El 21 de enero Nicolás Petro, hijo del presidente, escribió en Twitter: “En el corregimiento de La Playa, Barranquilla, instalamos el segundo comité de defensa del Gobierno Nacional. Junto a la ciudadanía seguimos trabajando con líderes y lideresas por la transformación”. Al leerlo, uno se pregunta algunas cosas: ¿qué significa ahí la palabra “defensa”, que en un contexto de calle —pues en la foto que lo acompaña vemos al joven Petro arengando a un grupo de ciudadanos que están sentados al aire libre— suena a proceder belicoso? ¿Defender al Gobierno de qué? ¿De los que discrepan de sus ideas? ¿Cuáles serían las funciones de esos comités? Porque implícitamente se anuncian más. ¿Este es el segundo de cuántos? ¿Y qué se requiere para pertenecer a ellos? ¿Reciben algo a cambio?
En un país donde las llamadas “autodefensas” han sembrado el terror, causando las más crueles masacres, la palabra “defensa” —a menos que se refiera a funciones de la milicia, de abogados en estrados judiciales o a “defensa propia”— produce un cierto estremecimiento.
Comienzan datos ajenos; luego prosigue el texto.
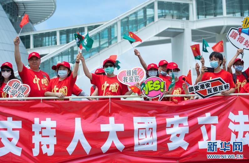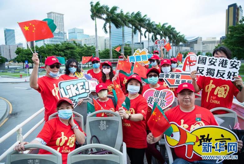 6月5日,澳门爱国爱澳青年社团培青社成员参加支持涉港国安立法的巴士巡游活动。 新华社记者 张金加 摄
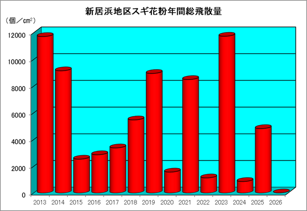 | スギ花粉飛散量 | 2個/cm2/日 |
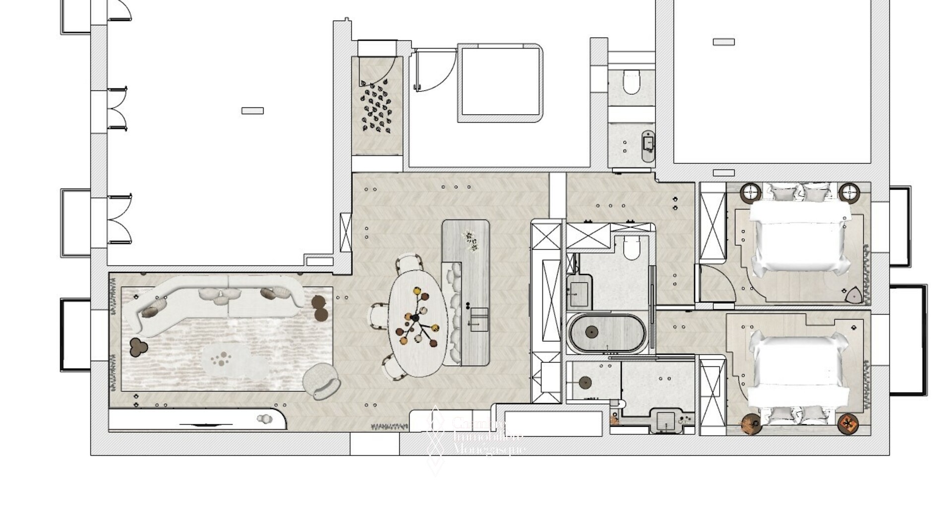 This exquisite 2-bedroom apartment is ideally located in the Ambassador building, on the boulevard des Moulins. Spanning 118.53m² of refined living space, complemented by a 4.59m² terrace, the property provides elegance, comfort, and contemporary style.
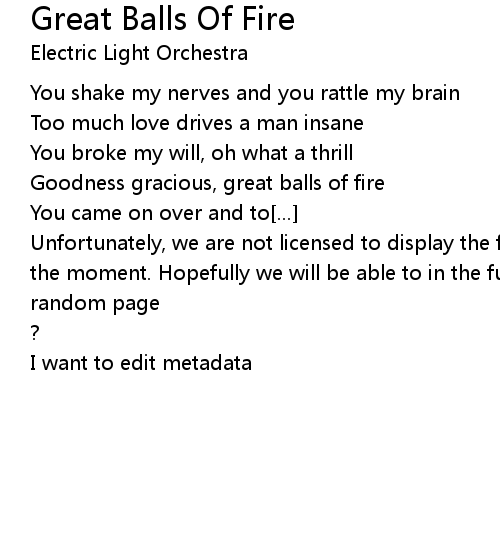 | Goodness gracious, great balls of fire | |
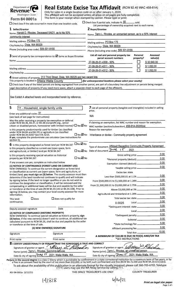 | 1 | 06/15/2021 | AFFIDAVIT | AFFIDAVIT | RHODES HAROLD D & TERRY L | RHODES TERRY L | | 3 PARCELS | $0.00 | 141818 | 2021-07343 |
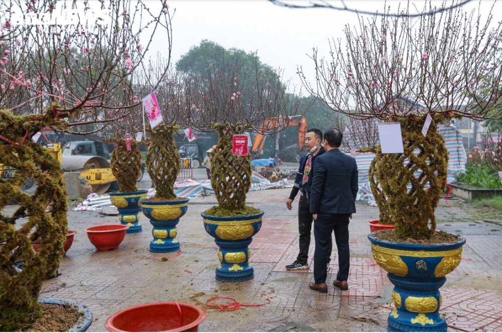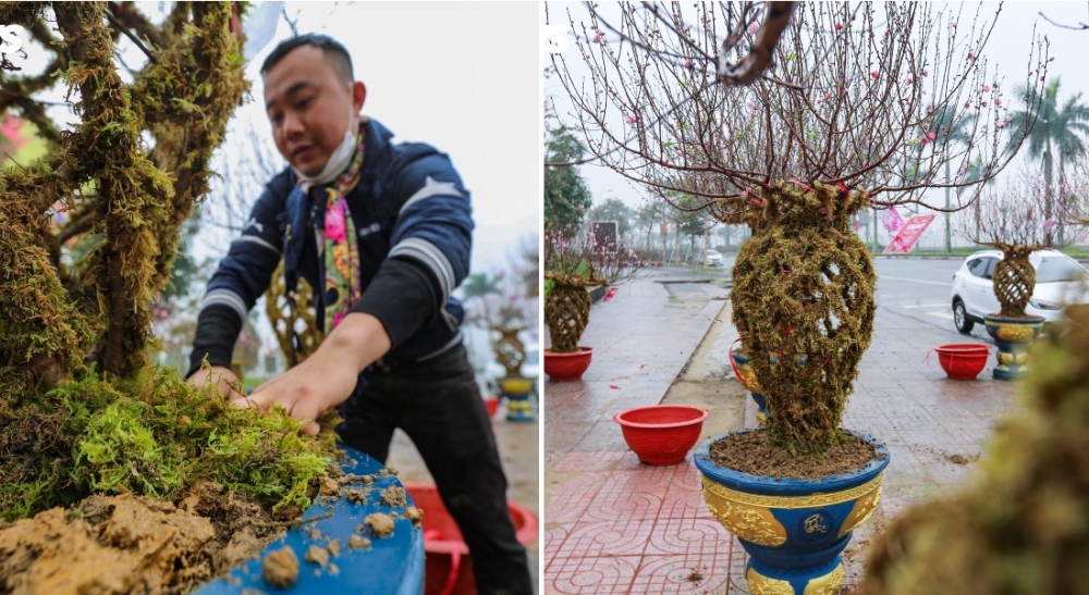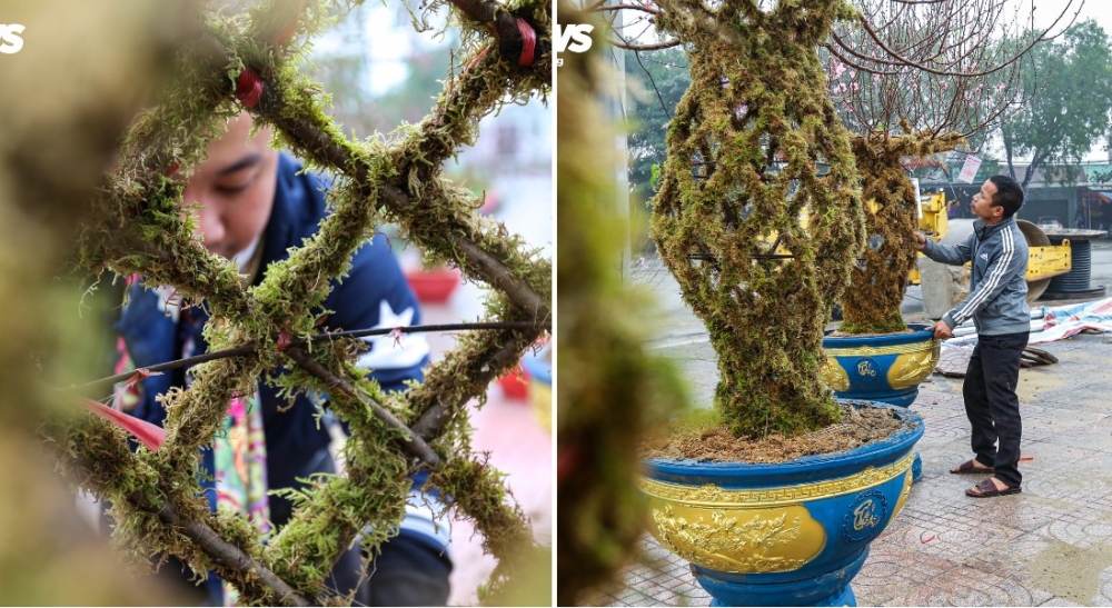 Để uốn cây đào thành hình dạng chiếc bình và chờ ra hoa, người thợ phải mất ít nhất 6 năm. Có 2 loại đào được sử dụng là đào bích và đào phai. |

Sobre todo en este momento, en el que el tuit de Nicolás Petro puede relacionarse con la invitación que hizo el presidente a “las fuerzas del Gobierno del cambio” a “discutir en las calles las reformas que se avecinan…” el 14 de febrero. Una fecha nada gratuita, porque ya había sido escogida por la oposición para hacer su propia marcha. Con toda la razón las reacciones de muchos frente a esa convocatoria del Gobierno han sido de asombro y rechazo, pues la posibilidad de enfrentamiento violento es altamente probable.
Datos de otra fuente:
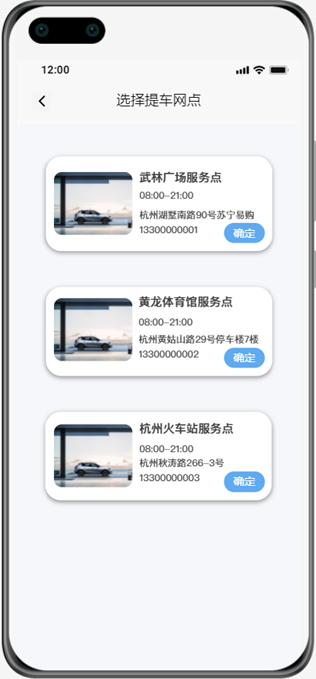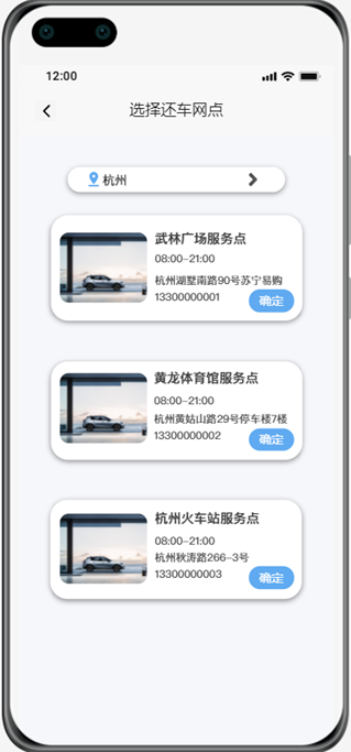 (5)用户在首页选择城市时,只能选择系统提供的拥有网点的城市,选择提车网点时只能在当前城市中选择网点,选择还车网点时可以重新选择还车城市。
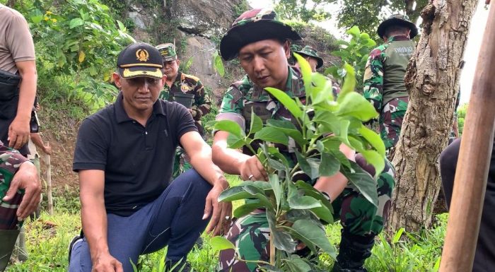 Persindonesia.com Jembrana, Sebagai upaya mendukung program penghijauan yang dicanangkan Komando Atas, Kodim 1617/Jembrana bersinergi dengan masyarakat penyanding hutan melaksanakan penghijauan penanaman tanaman buah bertempat di Kawasan KTH “Puncak Mawar” Lingkungan Dewasana, Kelurahan Pendem, Kecamatan Jembrana, Kabupaten Jembrana. Jumat (08/12/2023)
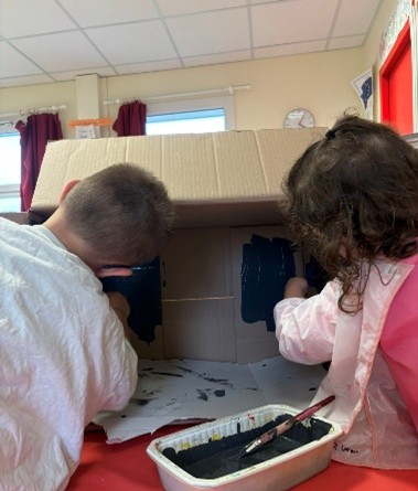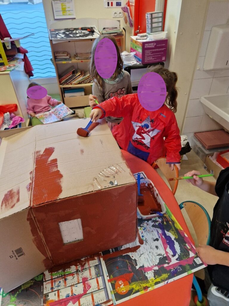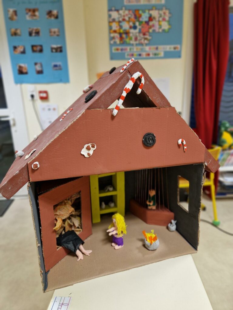 La classe de GS-CP a travaillé sur un projet artistique autour du conte Hansel et Gretel. Les élèves ont réalisé une boîte représentant l’épisode où Hansel est emprisonné par la sorcière et où Gretel la pousse dans le four.

Es posible que las marchas de la oposición sean apresuradas, ya que no se conocen todavía los contenidos de las reformas. Y además sabemos que han sido atizadas por la verborrea de algunos energúmenos, y de incendiarios como Miguel Polo Polo, que habla de “levantarse contra este gobierno”. Pero, de modo increíble, mientras la belicosa derecha esta vez parece sensata y está pensando en cambiar la fecha de su marcha, evitando caer en la provocación, Gustavo Petro y el Pacto Histórico han optado por la vía del enfrentamiento.
Pero el problema de fondo es mucho mayor, y lo sintetizaron bien Ramiro Bejarano y Humberto de la Calle, dos demócratas que son también abogados prestigiosos. Para Bejarano, hacer plebiscitos en la calle “es propio de las dictaduras, es lo que llamaban en la época de Uribe el Estado de opinión”. Para De la Calle, “cambiar la reflexión de temas complejos por la estadística de la algarabía en las calles es un retroceso democrático”. Ese es el quid del asunto. Olvida el presidente Petro que “el pueblo” ha votado por unos políticos —buenos y malos— para que lo representen. Y que en una democracia es básicamente en el Congreso donde se toman las decisiones políticas. Hasta donde yo sé, no hay democracias directas. Infortunadamente la alcaldesa se ha contagiado de este afán de plebiscitos populares y ahora invita a la ciudadanía a firmar una carta contra una polémica propuesta del ministro de Justicia. Aunque su causa crea simpatías y su convocatoria parezca menos pendenciera, es también populista, y, como la de Petro, busca réditos políticos. Los dos, cada uno a su manera, proponen, queriendo o sin querer, un camino de desinstitucionalización.